START Entries shown

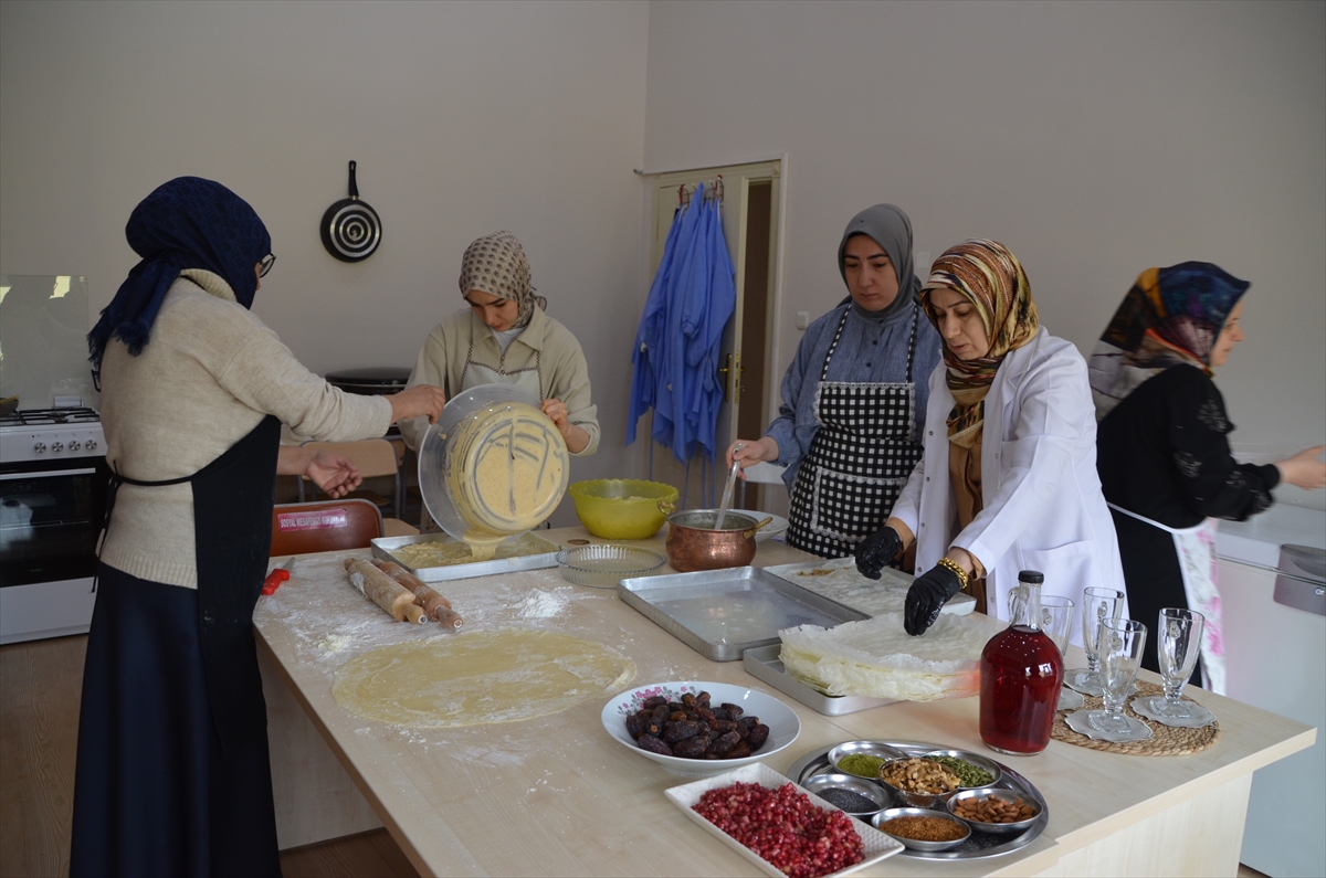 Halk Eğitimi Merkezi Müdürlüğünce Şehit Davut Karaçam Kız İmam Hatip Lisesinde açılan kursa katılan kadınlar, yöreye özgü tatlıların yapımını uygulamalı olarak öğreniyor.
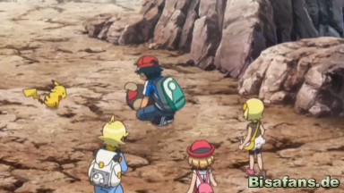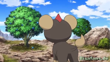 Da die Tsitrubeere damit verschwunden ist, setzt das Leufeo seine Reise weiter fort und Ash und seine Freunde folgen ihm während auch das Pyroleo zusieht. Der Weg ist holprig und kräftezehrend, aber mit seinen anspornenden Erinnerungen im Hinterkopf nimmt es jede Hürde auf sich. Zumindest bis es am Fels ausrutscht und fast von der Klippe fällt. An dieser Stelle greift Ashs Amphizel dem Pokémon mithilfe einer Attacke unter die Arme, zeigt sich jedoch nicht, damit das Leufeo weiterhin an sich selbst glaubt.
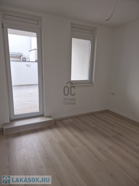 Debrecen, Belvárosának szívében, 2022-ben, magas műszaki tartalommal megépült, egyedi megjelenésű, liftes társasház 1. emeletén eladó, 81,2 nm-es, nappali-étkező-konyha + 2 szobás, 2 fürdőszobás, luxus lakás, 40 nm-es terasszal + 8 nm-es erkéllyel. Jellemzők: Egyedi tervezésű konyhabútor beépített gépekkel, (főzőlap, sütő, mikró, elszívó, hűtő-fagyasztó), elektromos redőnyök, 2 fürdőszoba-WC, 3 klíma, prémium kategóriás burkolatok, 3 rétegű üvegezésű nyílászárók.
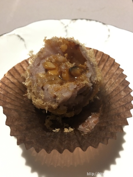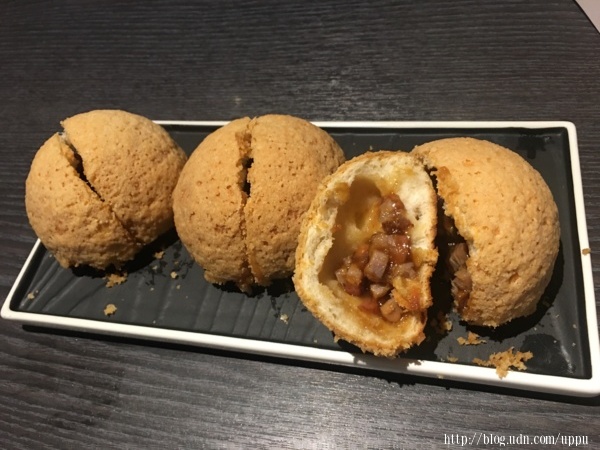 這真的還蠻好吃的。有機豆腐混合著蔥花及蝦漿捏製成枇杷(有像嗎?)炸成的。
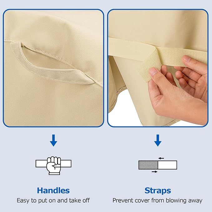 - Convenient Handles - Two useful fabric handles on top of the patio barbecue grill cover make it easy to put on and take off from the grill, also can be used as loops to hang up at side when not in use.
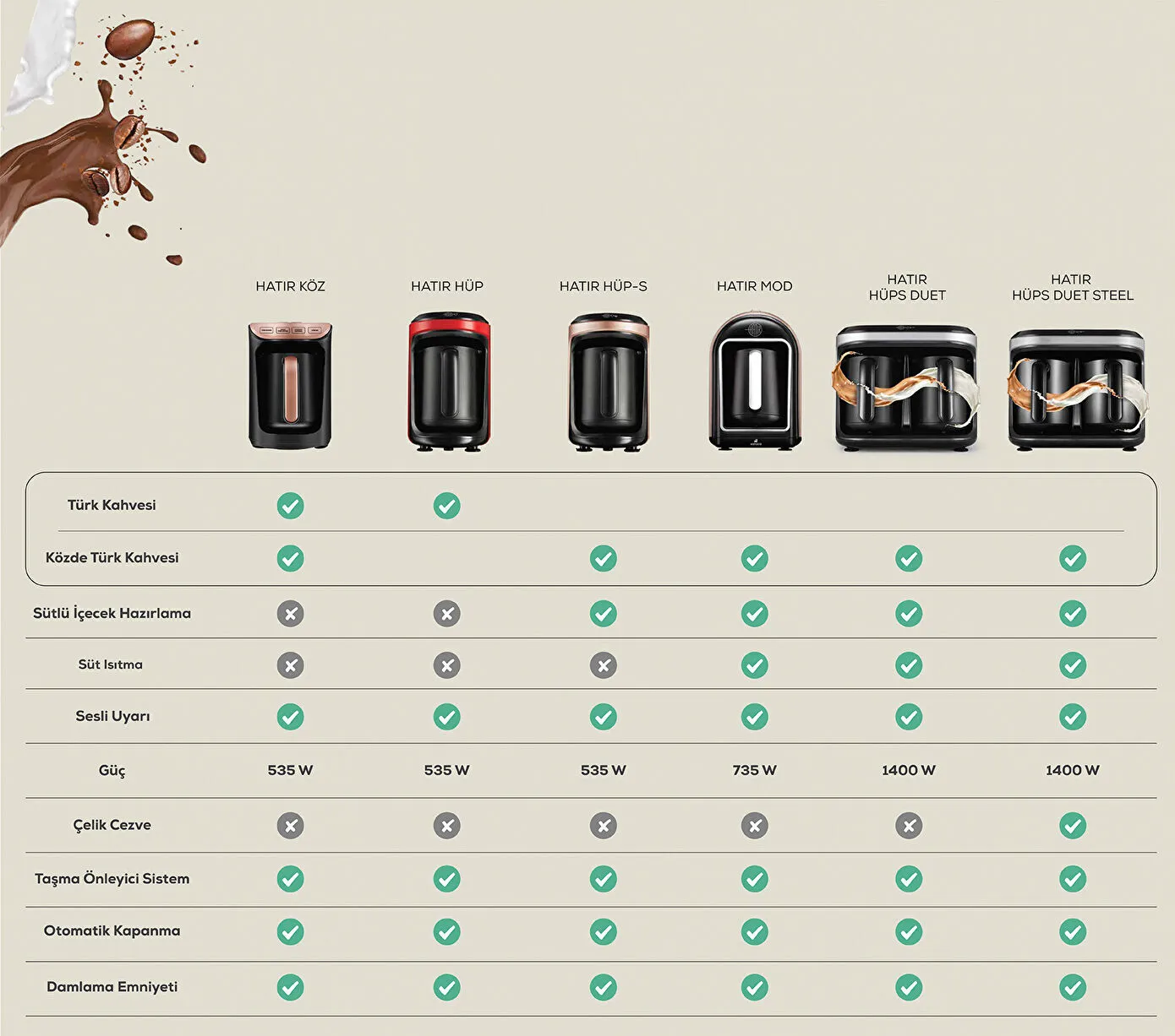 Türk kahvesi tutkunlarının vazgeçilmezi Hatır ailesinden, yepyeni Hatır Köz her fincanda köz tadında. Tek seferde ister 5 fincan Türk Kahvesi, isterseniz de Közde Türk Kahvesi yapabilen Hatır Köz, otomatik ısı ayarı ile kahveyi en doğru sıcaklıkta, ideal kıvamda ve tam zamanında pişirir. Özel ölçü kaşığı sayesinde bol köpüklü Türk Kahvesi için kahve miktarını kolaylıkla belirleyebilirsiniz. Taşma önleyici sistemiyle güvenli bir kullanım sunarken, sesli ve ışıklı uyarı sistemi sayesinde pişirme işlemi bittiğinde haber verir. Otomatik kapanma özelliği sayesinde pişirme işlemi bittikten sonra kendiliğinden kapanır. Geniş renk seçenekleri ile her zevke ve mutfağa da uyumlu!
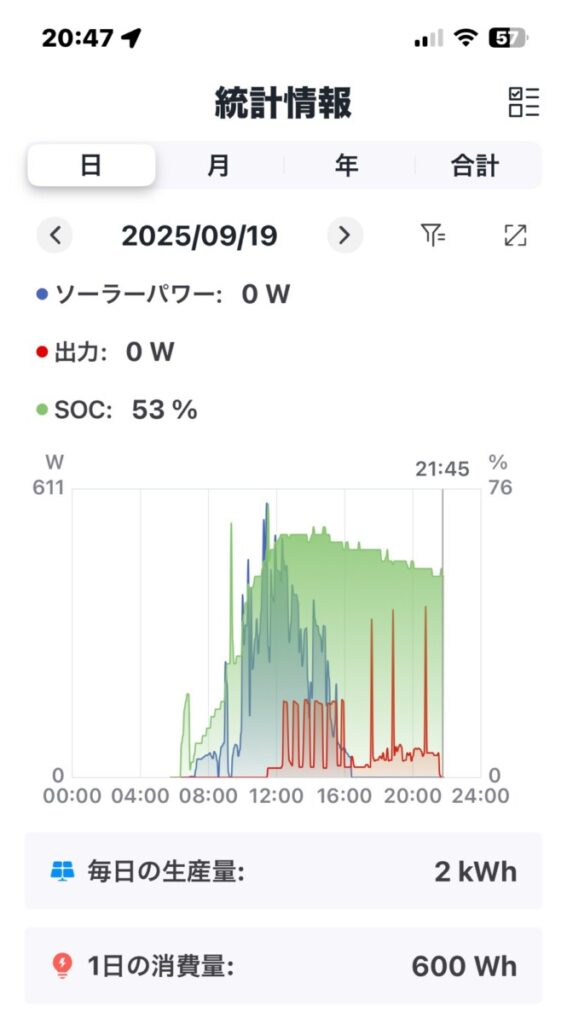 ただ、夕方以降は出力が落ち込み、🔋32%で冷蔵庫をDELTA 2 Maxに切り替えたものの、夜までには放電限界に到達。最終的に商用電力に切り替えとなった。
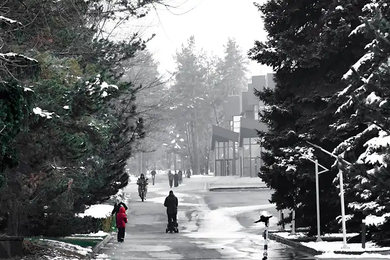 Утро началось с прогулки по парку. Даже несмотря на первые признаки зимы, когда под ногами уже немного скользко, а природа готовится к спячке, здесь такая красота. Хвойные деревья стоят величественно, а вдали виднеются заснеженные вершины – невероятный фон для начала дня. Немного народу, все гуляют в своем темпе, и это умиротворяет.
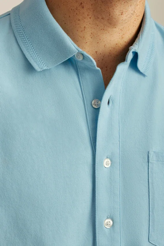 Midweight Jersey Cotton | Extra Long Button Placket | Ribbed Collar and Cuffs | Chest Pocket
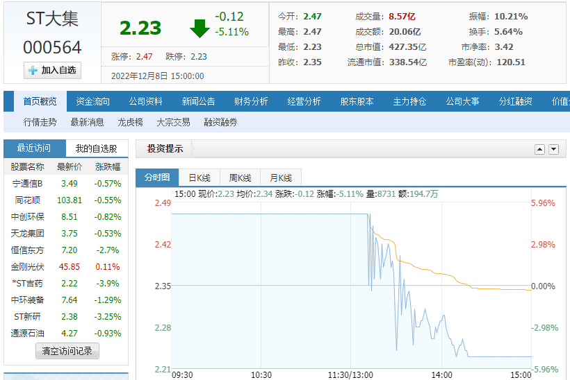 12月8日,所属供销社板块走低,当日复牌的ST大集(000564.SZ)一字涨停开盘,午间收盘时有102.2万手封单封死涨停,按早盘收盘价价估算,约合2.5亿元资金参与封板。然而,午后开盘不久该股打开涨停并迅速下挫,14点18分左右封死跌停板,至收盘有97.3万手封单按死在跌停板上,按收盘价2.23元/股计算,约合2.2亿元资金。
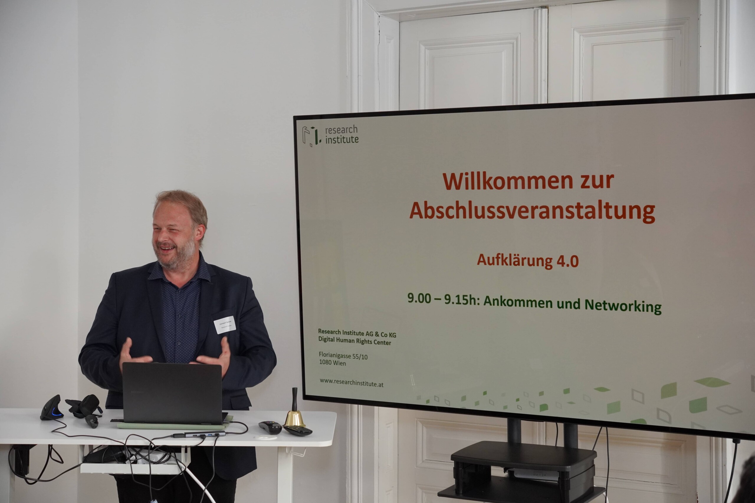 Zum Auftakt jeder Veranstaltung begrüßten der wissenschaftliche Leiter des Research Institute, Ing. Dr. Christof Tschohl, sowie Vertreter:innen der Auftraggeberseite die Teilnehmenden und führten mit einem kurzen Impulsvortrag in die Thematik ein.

END Entries shown

• What is being asked: Without the pictures, give again exactly the lines above starting at the line containing "Da die Tsitrubeere" and ending at the line containing "Debrecen, Belvárosának szívében, 2022-ben, magas".

• Exercise result:
 Da die Tsitrubeere damit verschwunden ist, setzt das Leufeo seine Reise weiter fort und Ash und seine Freunde folgen ihm während auch das Pyroleo zusieht. Der Weg ist holprig und kräftezehrend, aber mit seinen anspornenden Erinnerungen im Hinterkopf nimmt es jede Hürde auf sich. Zumindest bis es am Fels ausrutscht und fast von der Klippe fällt. An dieser Stelle greift Ashs Amphizel dem Pokémon mithilfe einer Attacke unter die Arme, zeigt sich jedoch nicht, damit das Leufeo weiterhin an sich selbst glaubt.
 Debrecen, Belvárosának szívében, 2022-ben, magas műszaki tartalommal megépült, egyedi megjelenésű, liftes társasház 1. emeletén eladó, 81,2 nm-es, nappali-étkező-konyha + 2 szobás, 2 fürdőszobás, luxus lakás, 40 nm-es terasszal + 8 nm-es erkéllyel. Jellemzők: Egyedi tervezésű konyhabútor beépített gépekkel, (főzőlap, sütő, mikró, elszívó, hűtő-fagyasztó), elektromos redőnyök, 2 fürdőszoba-WC, 3 klíma, prémium kategóriás burkolatok, 3 rétegű üvegezésű nyílászárók.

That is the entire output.